** RAW DATA **
■ ■ ■ ■ ■ ■ ■

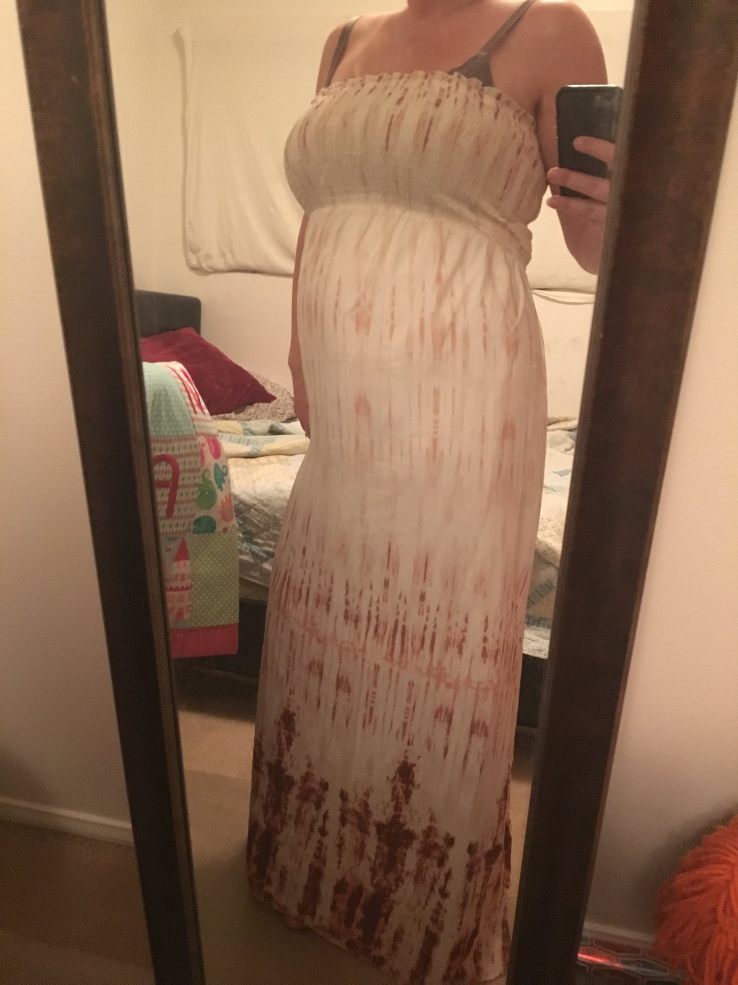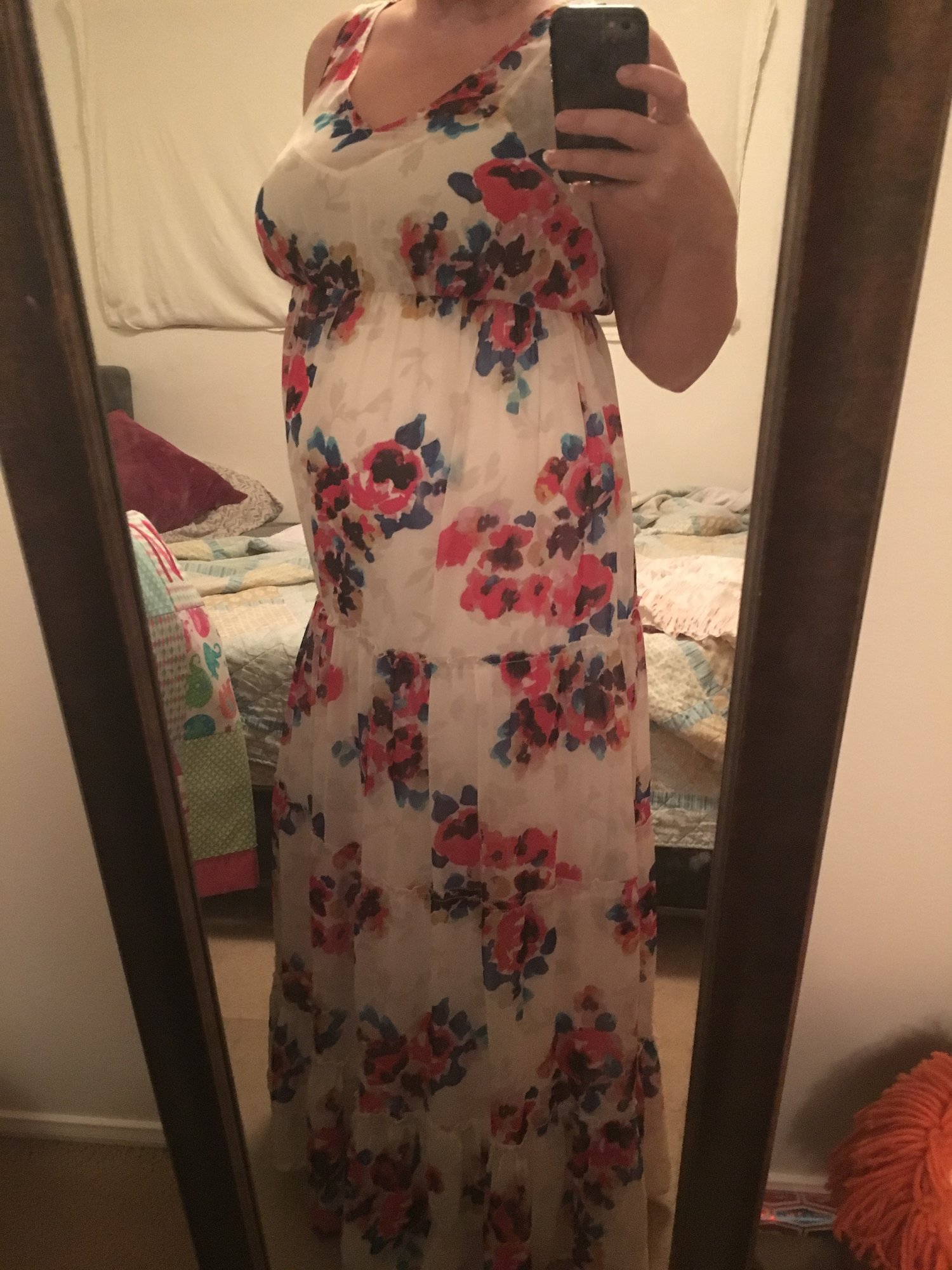 First time attempting a photo upload, hope you can see! This is one of the dresses I got from Motherhood Maternity for $25, I'Il post the other one too. I'm 5'8" with a 38D bust and the Large fits perfect, with lots of belly room to grow into.
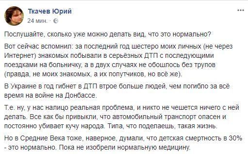 Трагедию прокомментировал и журналист Юрий Ткачев: "Послушайте, сколько уже можно делать вид, что это нормально? Вот сейчас вспомнил: за последний год шестеро моих личных (не через Интернет) знакомых побывали в серьезных ДТП с последующими поездками на больничку, а в двух случаях не обошлось без трупов (правда, не моих знакомых, а их попутчиков, но все же).
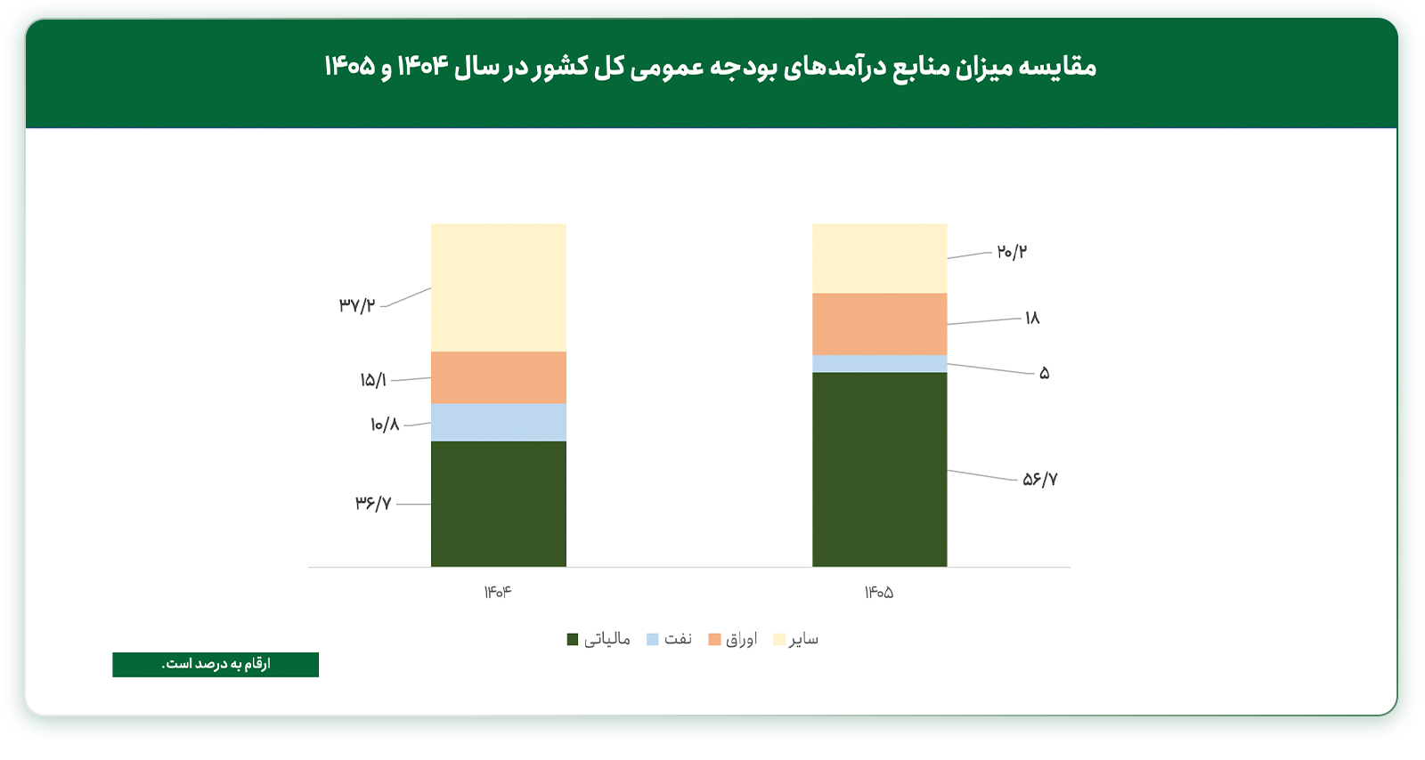 همان‌طور که مشاهده می‌شود، حدود ۵۷ درصد از درآمدهای بودجه سال آینده از محل مالیات تامین خواهد شد که با افزایش رسمی نرخ مالیات بر ارزش افزوده از ۱۰ به ۱۲ درصد، فشار مضاعفی بر مصرف‌کنندگان وارد می‌شود. این افزایش همچنین بار مالیاتی کسب‌وکارها را نیز تشدید خواهد کرد. از سوی دیگر، با توجه به مازاد عرضه نفت در بازارهای جهانی و افت قیمت نفت، سهم درآمدهای نفتی دولت به حدود ۵ درصد محدود شده است؛ موضوعی که در کنار حذف ارز ترجیحی می‌تواند انتظارات تورمی و به‌ویژه انتظارات افزایشی نسبت به نرخ ارز را تقویت کند.

■ ■ ■ ■ ■ ■ ■

** REQUIRED ACTION **
Could the data above be returned in full, exactly, with every image left out?

** SOLVED EXERCISE **
 First time attempting a photo upload, hope you can see! This is one of the dresses I got from Motherhood Maternity for $25, I'Il post the other one too. I'm 5'8" with a 38D bust and the Large fits perfect, with lots of belly room to grow into.
 Трагедию прокомментировал и журналист Юрий Ткачев: "Послушайте, сколько уже можно делать вид, что это нормально? Вот сейчас вспомнил: за последний год шестеро моих личных (не через Интернет) знакомых побывали в серьезных ДТП с последующими поездками на больничку, а в двух случаях не обошлось без трупов (правда, не моих знакомых, а их попутчиков, но все же).
 همان‌طور که مشاهده می‌شود، حدود ۵۷ درصد از درآمدهای بودجه سال آینده از محل مالیات تامین خواهد شد که با افزایش رسمی نرخ مالیات بر ارزش افزوده از ۱۰ به ۱۲ درصد، فشار مضاعفی بر مصرف‌کنندگان وارد می‌شود. این افزایش همچنین بار مالیاتی کسب‌وکارها را نیز تشدید خواهد کرد. از سوی دیگر، با توجه به مازاد عرضه نفت در بازارهای جهانی و افت قیمت نفت، سهم درآمدهای نفتی دولت به حدود ۵ درصد محدود شده است؛ موضوعی که در کنار حذف ارز ترجیحی می‌تواند انتظارات تورمی و به‌ویژه انتظارات افزایشی نسبت به نرخ ارز را تقویت کند.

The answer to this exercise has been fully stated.